Within the records that follow, restate exactly the lines from the line with "- Металлический блеск" down to the line with "They have an", including both. Omit the pictures.

BEGIN DATA SUPPLIED

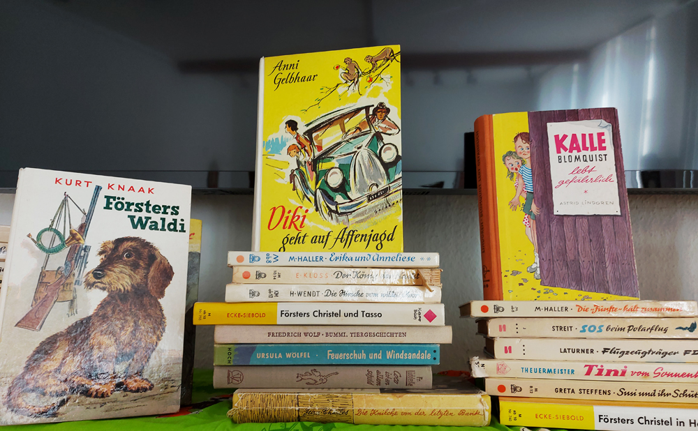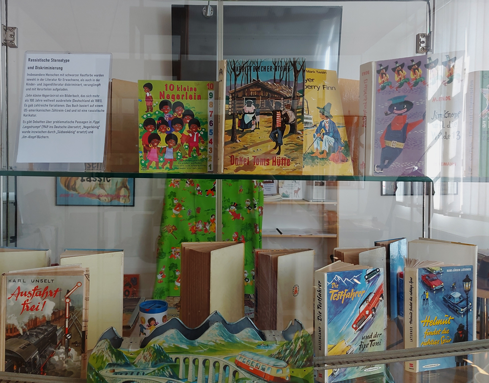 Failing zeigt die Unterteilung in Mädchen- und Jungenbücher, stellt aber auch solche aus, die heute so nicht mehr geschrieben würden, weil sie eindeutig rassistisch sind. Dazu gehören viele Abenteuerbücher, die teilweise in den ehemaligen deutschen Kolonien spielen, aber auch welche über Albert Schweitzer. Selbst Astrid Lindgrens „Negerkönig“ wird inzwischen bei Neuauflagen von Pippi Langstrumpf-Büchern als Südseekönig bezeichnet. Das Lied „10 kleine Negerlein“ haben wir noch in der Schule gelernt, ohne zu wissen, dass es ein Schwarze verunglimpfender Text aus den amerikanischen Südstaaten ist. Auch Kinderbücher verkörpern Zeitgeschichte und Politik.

END DATA SUPPLIED
BEGIN DATA SUPPLIED

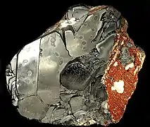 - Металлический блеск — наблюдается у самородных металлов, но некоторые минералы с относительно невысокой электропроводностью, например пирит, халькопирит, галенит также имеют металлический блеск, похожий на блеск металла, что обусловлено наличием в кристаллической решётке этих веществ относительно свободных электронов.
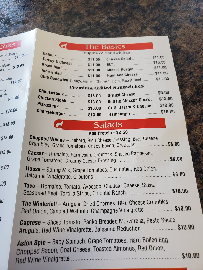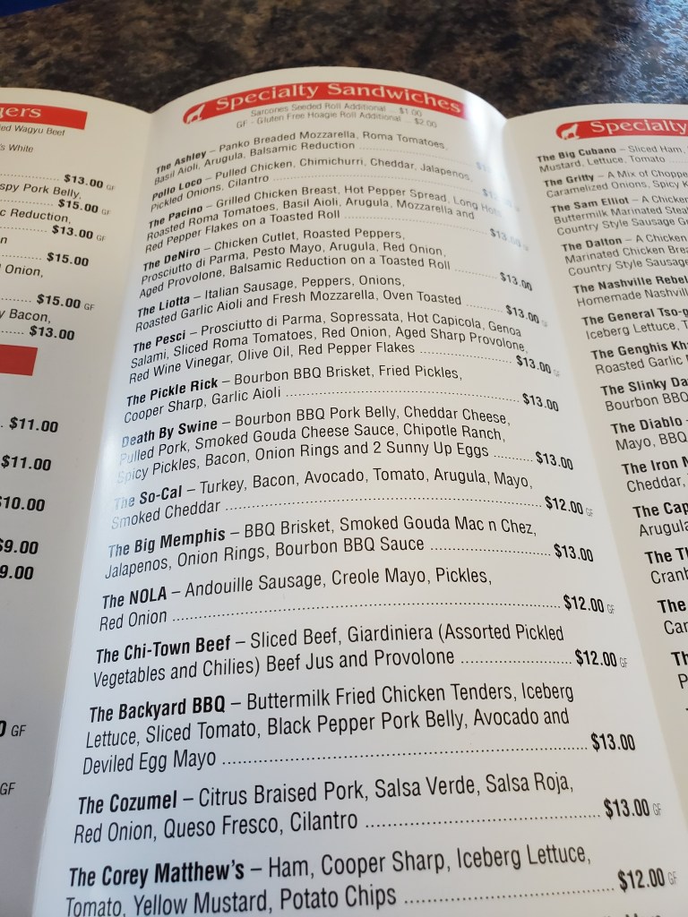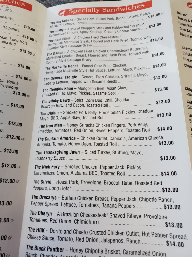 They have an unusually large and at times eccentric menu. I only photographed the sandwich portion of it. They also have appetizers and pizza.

END DATA SUPPLIED

*EXERCISE RESULT*
 - Металлический блеск — наблюдается у самородных металлов, но некоторые минералы с относительно невысокой электропроводностью, например пирит, халькопирит, галенит также имеют металлический блеск, похожий на блеск металла, что обусловлено наличием в кристаллической решётке этих веществ относительно свободных электронов.
 They have an unusually large and at times eccentric menu. I only photographed the sandwich portion of it. They also have appetizers and pizza.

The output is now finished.